INFORMATION SHOWN: Begin

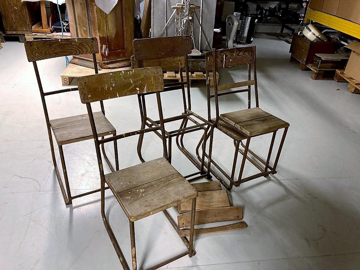 Sex stólar úr Deildarárskóla í Mýrdal. Hann var starfræktur frá 1904 til 1959 að var sameinaður skólanum á Ketilsstöðum. Skólahúsið var flutt á Höfðabrekkuafrétt þar sem það er enn notað sem leitarmannaskáli. H: 87 cm, breidd sessu 31,5, dýpt sessu 34 cm.
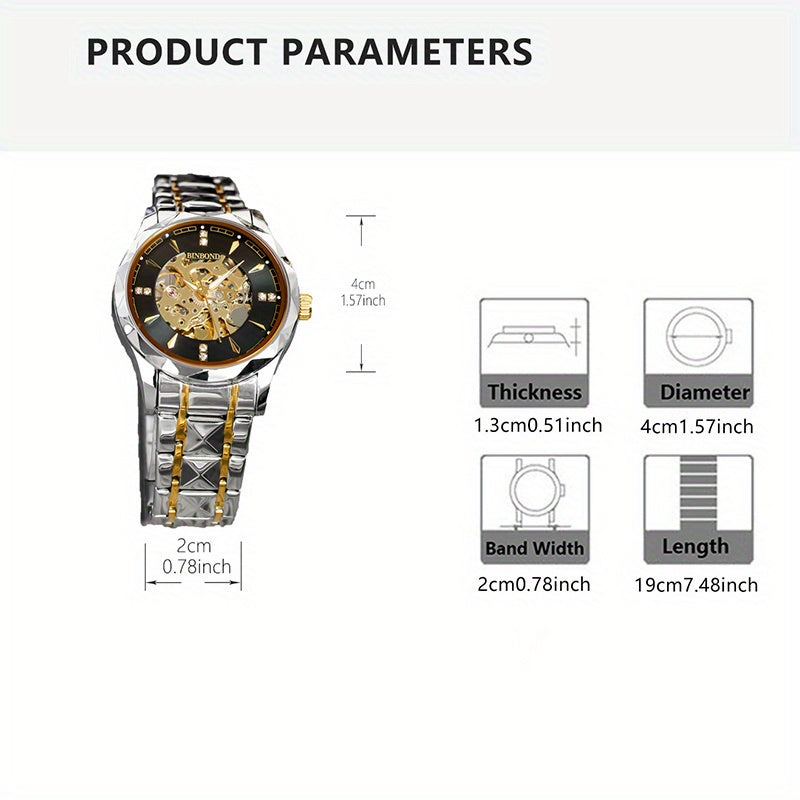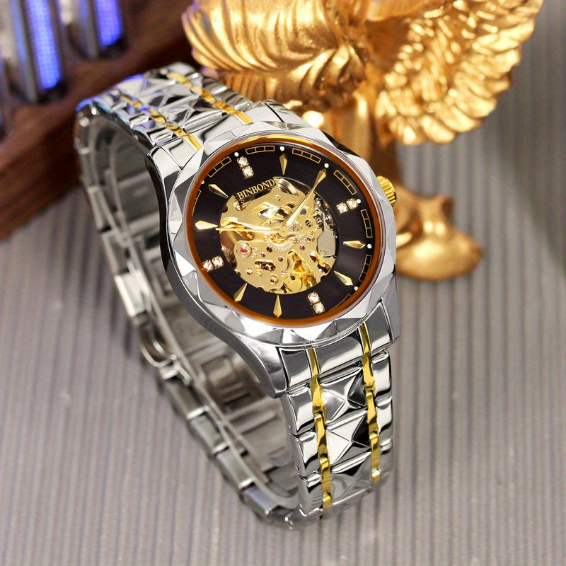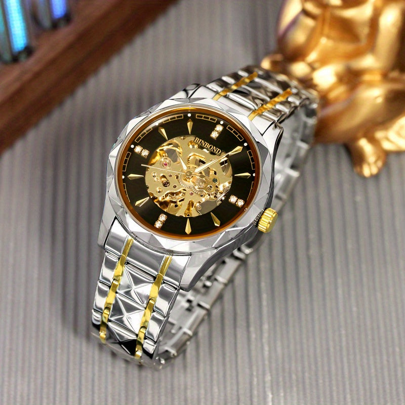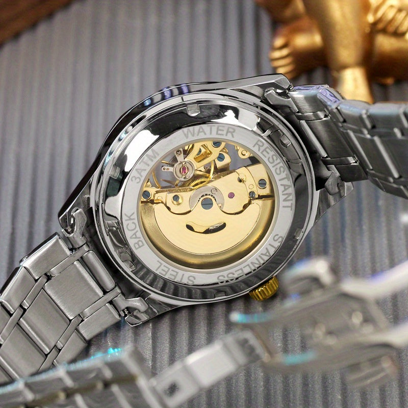 1pc Men's Automatic Mechanical Watch with Golden-Tone Roman Numerals & Black Dial, Silvery-Tone Steel Band, Casual Elegant Design for Casual Attire, Stylish Accessory, Versatile Wristwatch, Classic Design, Elegant Dial, Precision Engineering, Automatic Mo
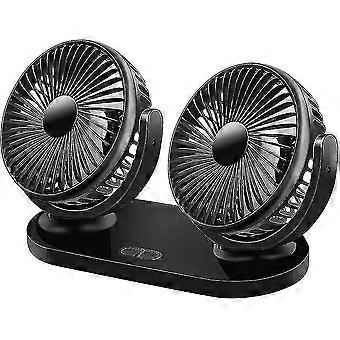 מאוורר לרכב, מאוורר USB שקט, מאוורר ראש כפול 12V, מאוורר מיני, סיבוב 360 עם 3 מהירויות
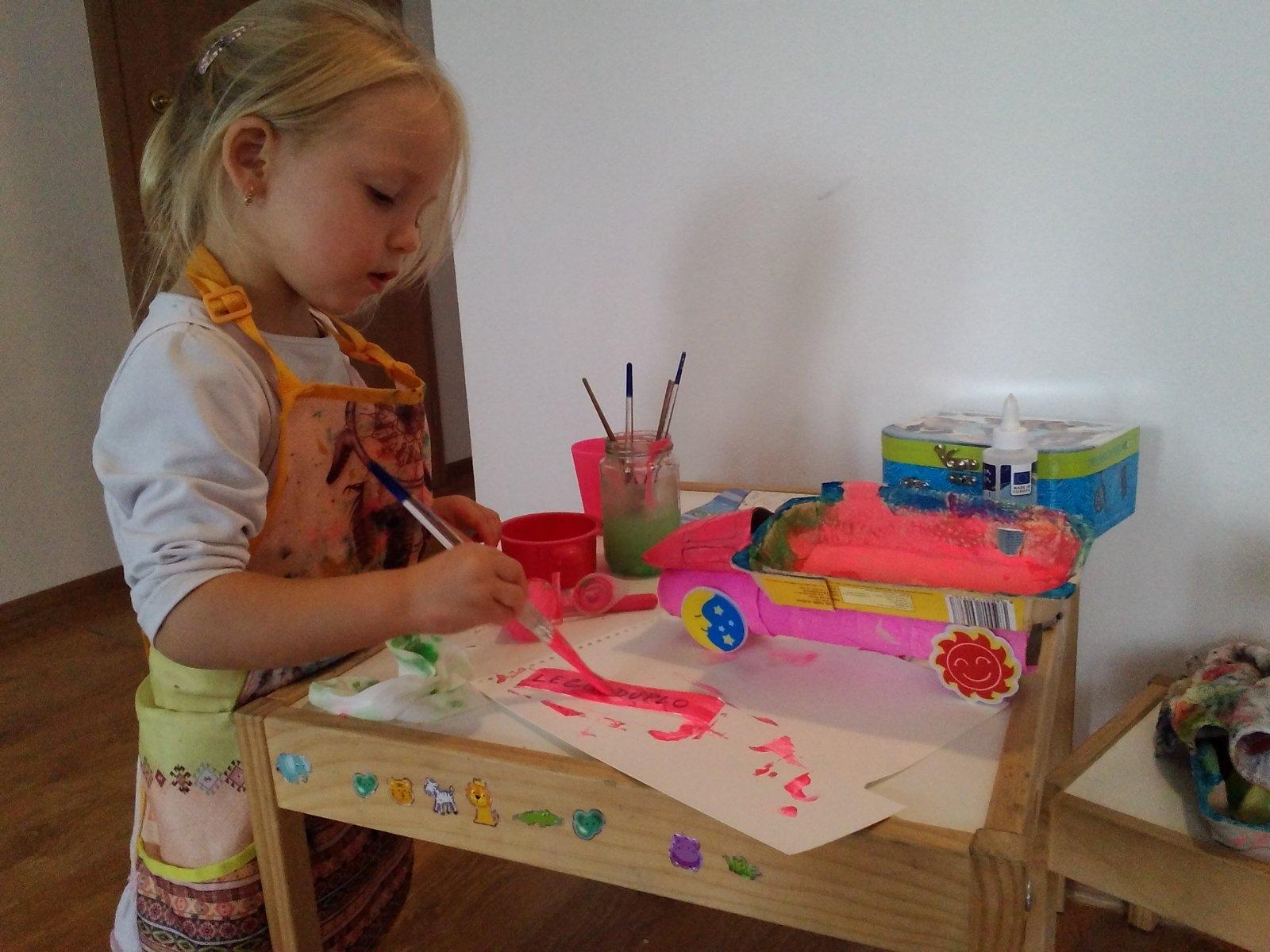 Z Terezkou (3r) sme vytvorili taketo nakladne auto ktore vozi celu rodinu 🙂 , Martinko (6 mes.) nase kreativne okienko uspesne prespal.

INFORMATION SHOWN: End

→ EXERCISE DETAILS
Once the pictures are set aside, output all of the data above verbatim.

→ SOLUTION TO THIS EXERCISE
 Sex stólar úr Deildarárskóla í Mýrdal. Hann var starfræktur frá 1904 til 1959 að var sameinaður skólanum á Ketilsstöðum. Skólahúsið var flutt á Höfðabrekkuafrétt þar sem það er enn notað sem leitarmannaskáli. H: 87 cm, breidd sessu 31,5, dýpt sessu 34 cm.
 1pc Men's Automatic Mechanical Watch with Golden-Tone Roman Numerals & Black Dial, Silvery-Tone Steel Band, Casual Elegant Design for Casual Attire, Stylish Accessory, Versatile Wristwatch, Classic Design, Elegant Dial, Precision Engineering, Automatic Mo
 מאוורר לרכב, מאוורר USB שקט, מאוורר ראש כפול 12V, מאוורר מיני, סיבוב 360 עם 3 מהירויות
 Z Terezkou (3r) sme vytvorili taketo nakladne auto ktore vozi celu rodinu 🙂 , Martinko (6 mes.) nase kreativne okienko uspesne prespal.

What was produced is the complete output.